3 (p. 91) Coach and Horses: The name of the pub suggests rural, pre-industrial England.

  Chapter II

  1 (p. 101) an unusually strange sort of stranger: Here Wells echoes the use of the words in chapter 1.

  Chapter III

  1 (p. 101) The Thousand and One Bottles: The words in the title allude to the Arabic classic The Thousand and One Nights, in which many stories feature magic, here replaced by chemistry.

  2 (p. 101) the twenty-ninth day of February: Wells uses this leap-year date to enhance the strangeness surrounding Griffin. No year is mentioned because Wells wants the events to seem recent yet vague.

  3 (p. 101) Fearenside: This name, which can be pronounced “fear inside,” labels these rural people as backward bumpkins.

  Chapter IV

  1 (p. 106) I have told the circumstances of the stranger’s arrival: Wells shifts to a first-person narrator, like a reporter or witness, to give more immediacy to his story.

  2 (p. 107) he would go out muffled up invisibly: Griffin must make his invisibility invisible by covering it up.

  3 (p. 107) the Scarlet Coat: This inn is named for the red coat worn by fox hunters.
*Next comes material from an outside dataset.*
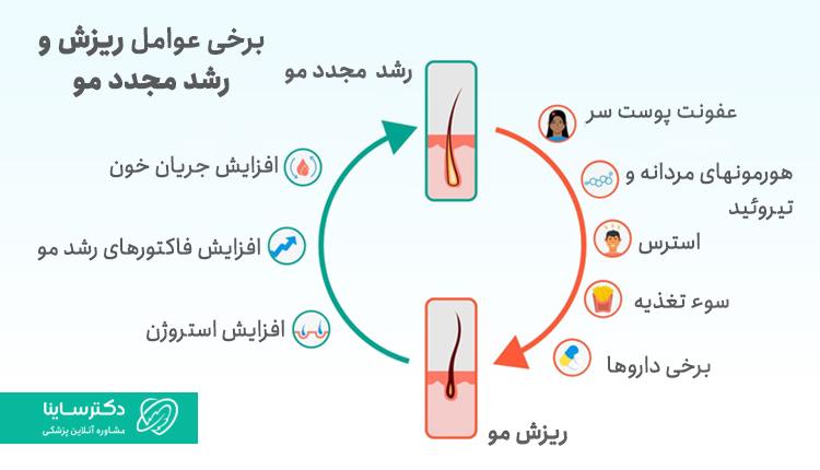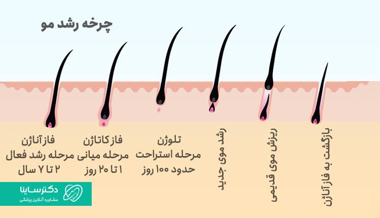 مو به طور معمول یک چرخه رشد دارد. آناژن، فاز فعال این چرخه است. در طول این مرحله، مو از درون فولیکول رشد می‌کند. این مرحله ممکن است ۲ تا ۷ سال طول بکشد. کاتاژن، مرحله میانی است که در آن رشد موها متوقف می‌شود و حدود ۱۰ تا ۲۰ روز طول می‌کشد. تلوژن، مرحله استراحت است. در این مرحله، موهای شما رشد نمی‌کند. روزانه بین ۲۵ تا ۱۰۰ تار مو در این مرحله می‌ریزد و می‎تواند تا حدود ۱۰۰ روز ادامه داشته باشد.

  4 (p. 108) Mr. Gould, the probationary assistant in the National School: The National Society for the Education of the Poor taught the doctrines of the Church of England. From 1870 on, they taught all children until the age of eleven. Mr. Gould tests students who seek membership in the Church along with those who wish to become clergymen.

  5 (p. 108) an Anarchist in disguise: An anarchist is one who believes all forms of government to be coercive and undesirable. In the nineteenth century, the word evoked a terrorist using bombs to destroy authority of any kind. Mr. Gould’s assessment of Griffin is partially correct; he does want to destroy the status quo.

  6 (p. 108) Silas Durgan . . . compared the stranger to the man with the one talent: Silas Durgan confuses the biblical talent, a unit of currency, with the word that means skill or ability. His bogus theology reflects the ignorance of the rural population.